Ask HN: How much would it cost to replicate GPT-2's model? - sharemywin
Cost 1: Scrape 8 Million articles from Reddit posts.<p>http:&#x2F;&#x2F;files.pushshift.io&#x2F;reddit&#x2F;<p>Cost 2: Training a 1.5 B parameter transformer network.<p>I&#x27;m assuming it could be trained with google&#x27;s TPUs. And the model would just be a bigger version of the model open ai released.
======
tree_of_item
> Their model used 256 of Google's Cloud TPU v3, though I've not seen training
> durations. The TPU v3 is only available individually outside of @Google
> (though @OpenAI likely got special dispensation) which means you'd be paying
> $8 * 256 = $2048 per hour.

[https://twitter.com/Smerity/status/1096189352743301120](https://twitter.com/Smerity/status/1096189352743301120)
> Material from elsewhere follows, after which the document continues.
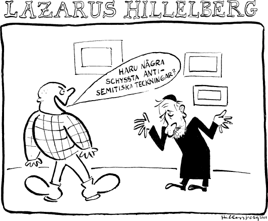 Lena Svedberg och jag är ju inte de enda konstnärerna som drabbats av beskyllningar för antisemitism. Jag är heller inte den förste som karakteriserat manin att antisemitstämpla mängder av svenska kulturarbetare som en verksamhet på dårnivå. Den danske tecknaren Albrechtsen, EVK, Gunnar Thorén, DN-tecknaren Ehrling och nu senast Dagens Industris tecknare Gideon med flera har också drabbats. Oftast då för att dessa på något sätt dragit paralleller mellan den nazistiska judeförföljelsen och de israeliska grymheterna mot palestinierna. Det är i och för sig sant att förintelsen är unik, inte bara i omfattning - men en politisk satir arbetar just med sådana belysande (omöjliga) jämförelser. En aforism i bild kan aldrig vara heltäckande. Problemet är snarare att sammanställningen nu blivit lite banal. En som inte bekymrar sig över sådana subtiliteter är redaktören för Judisk Krönika som gladeligt sätter in en bild föreställande Jan Bergman tillsammans med en föreställande Goebbels.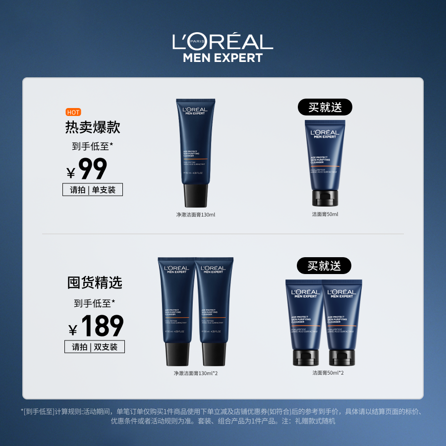 欧莱雅男士氨基酸洗面奶温和清洁紧致水润洁面乳男生专用官方正品

> Thanks. So then it was 32 TPUv3s, to be more precise, and sticker-price
> training costs would then be per Smerity 32 * 24 * 7 * 8 = $43k?

[https://www.reddit.com/r/MachineLearning/comments/aqlzde/r_o...](https://www.reddit.com/r/MachineLearning/comments/aqlzde/r_openai_better_language_models_and_their/)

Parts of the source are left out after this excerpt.